The South China Morning Post’s Eva Li reports on updated regulations from the Cyberspace Administration of China which will consolidate state control over online news and require all news distributors to obtain an official license. The new rules are set to go into effect on June 1, and are the latest of several CAC measures to reinforce central control over online news.
[The first comprehensive revision of the regulations in 12 years … i]t incorporates a collection of piecemeal documents and groups them together to provide a clearer scope of the restrictions.
It also provides clearer definitions of which media would require licences for distributing news. They include “websites, applications, forums, blogs, microblogs, public accounts, instant messaging tools and internet broadcasts”.
[…] It remains to be seen if the move signals a crackdown on public accounts of instant messaging platforms. [Source]
More on the online news regulations from the BBC:
The legislation will bring online news providers into line with traditional news media operating in the country.
From 1 June, when the rules come into force, they will be expected to follow “information security protocols”, including “emergency response” measures such as increased vetting following disasters, according to the state news agency Xinhua.
[…] In a statement published online, the Cyberspace Administration of China (CAC) said the new rules would “strengthen management of information” and “promote the healthy and orderly development of internet news, in accordance to law”.
[…] Organisations that do not have a licence will not be allowed to post news or commentary about the government, economy, military, foreign affairs, or “other areas of public interest”.
Editorial and business operations must be kept separate.
Only publicly funded organisations will be able to carry out their own reporting. [Source]
State media’s coverage of the online news regulations note that they will make the Cyberspace Administration of China (CAC) “the new regulator of online news service, replacing the State Council Information Office.” Founded in 2014, the CAC is directly led by President Xi Jinping, and has been described as “an important pillar of China’s IT-backed authoritarianism.” China Media Project’s David Bandurski notes that the rules on online news were one of three seperate regulations unveiled by the CAC yesterday, all set to take effect in June alongside the recently passed and highly controversial Cybersecurity Law. Bandurski highlights how these new regulations, and the continuing consolidation of control over China’s internet under the CAC, represent the maturation of Xi Jinping’s greater vision for information control in the digital age:
These regulations, which will formally take effect on June 1 along with the Cybersecurity Law, mark the maturation of President Xi Jinping’s grand plan for information under the Chinese Communist Party in the 21st century. That vision centers on 1) cybersecurity as integral to national security, and grasps cybersecurity through the lens of regime stability and the core need for information controls at home and abroad, and 2) informatization, or xinxihua (信息化), the idea of internet and digital development as the new, perhaps even now primary, source of production, replacing industrialization at the heart of the national economy.

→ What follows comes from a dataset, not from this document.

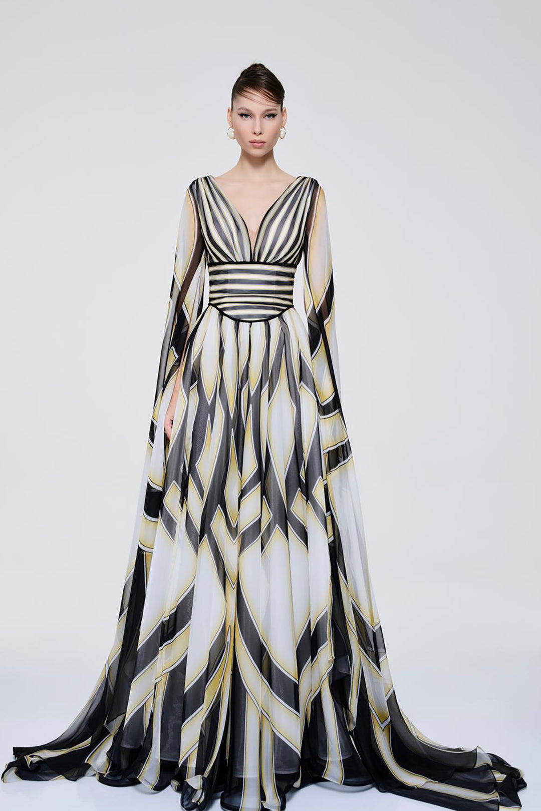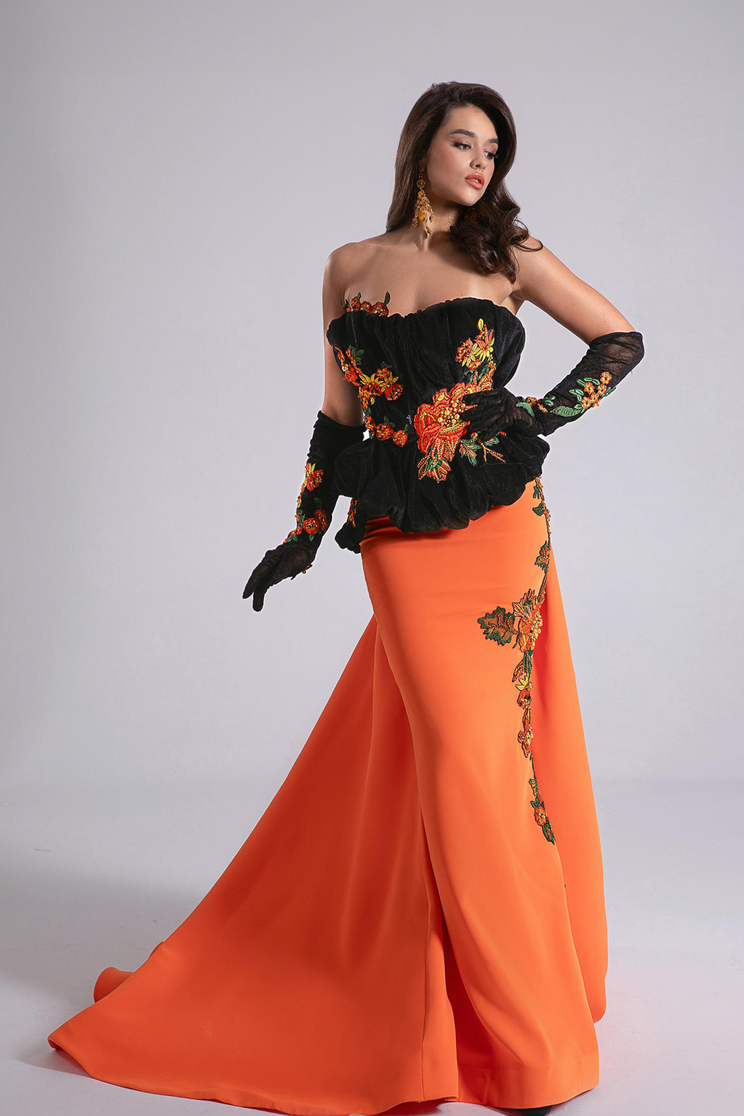 Mermaid Dress with Strapless Bodice and Cape Sleeve

Xi Jinping fleshed out this vision when he addressed the very first meeting of his Office of the Central Leading Group for Cyberspace Affairs (中央网络安全和信息化领导小组) in February 2014, speaking about the need to fashion China as an “internet power” (网络强国). In that address, Xi said: “Without cybersecurity, there is no national security; without informatization, there is no modernization” (没有网络安全就没有国家安全，没有信息化就没有现代化).
[…] Xi Jinping has progressively pulled the internet front and center, and the creation of the Central Leading Group for Cyberspace Affairs, the body that subsumes the CAC, and of which Xi is head, is an institutional reflection of this dramatic change. Since the formation of the Leading Group and the CAC, Xi Jinping has stressed the need for these newly centralized controls on the internet to be further legitimized through laws and regulations. China must, he says, “govern the online space in accord with the law” (依法治理网络空间).
[…] Xi Jinping’s cyber regime is still in formation. But we can be sure that as the news in China increasingly goes digital, and as television goes mobile, the CAC’s power will grow. Its web of controls, almost assured to be one of Xi Jinping’s most enduring legacies, will overlay China’s 21st century web of communications. [Source]
As the CAC shores up domestic authority over content within the Great Firewall, authorities have also taken steady measures to limit access to the global internet by making the use of virtual private networks (VPN) services increasingly difficult.